In Peacebuilding: Catholic Theology, Ethics, and Praxis (Maryknoll, 2010) as well as in his forthcoming book, Just and Unjust Peace: An Ethic of Political Reconciliation (Oxford University Press, 2012), Daniel Philpott addresses the issues of transitional justice from a political perspective on reconciliation. He, like others, emphasizes the objective of restoring relationships that were harmed by injustice. This restoration includes all members of the community and not only victims and perpetrators.
Political reconciliation in six difficult (but necessary) steps
Philpott distinguishes six practices of reconciliation that are essential to such restoration: the building of socially just institutions; acknowledgment; reparations; punishment; apology; and forgiveness (106ff).

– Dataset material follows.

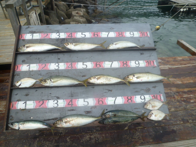 【曇り時々小雨、波なし】 一番船5:30 最終船ヘタが崎16:45 湾内17:00 京都市も福永氏が湾内筏で サバ 30〜35p 多数、 アジ 30〜35p 3匹、 サンバソウ 25p 1匹、 アコウ 15〜20p 3匹 草津市のポイキさんがヘタが崎沖筏で カイワリ 15〜20p 20匹、 アジ 32p 2匹 京都市の宮崎氏が湾内筏で アジ 30p 2匹、 サバ 30p 3匹、 サンバソウ 20p 1匹、 グレ 30p 1匹 京田辺市の宮本氏が潜水艦筏で サバ 30〜35p 2匹、 アオハタ 20〜25p 3匹 【ジグ】 岐阜市の太田氏3名様が潜水艦筏で アジ 30p 1匹、 サバ 30〜40p 多数(入れ食い)午後2時からの釣果 京田辺市の阿野氏2名様も潜水艦筏で サバ 30〜40p 70匹、 アジ 20〜30p 10匹、 アコウ 30p 1匹、 サンバソウ 25p 1匹、 グレ 25p 2匹 京都市の北村氏が潜水艦筏で アジ 35p迄 12匹

These are very useful elements for several reasons. First, they go beyond what is called victim’s rights to identify practices that point towards the active transformation of the entire web of relationships in a community. Second, Philpott considers reconciliation as a social process, not only as something that happens between the offender and the offended. This widens the horizon of reconciliation and points towards a collective responsibility to restore broken channels of communication and harmed relationships. Third, he also emphasizes the role of the state, which is mainly responsible for the construction of just institutions, thus creating the frame within which the members of a given collective can create just relationships.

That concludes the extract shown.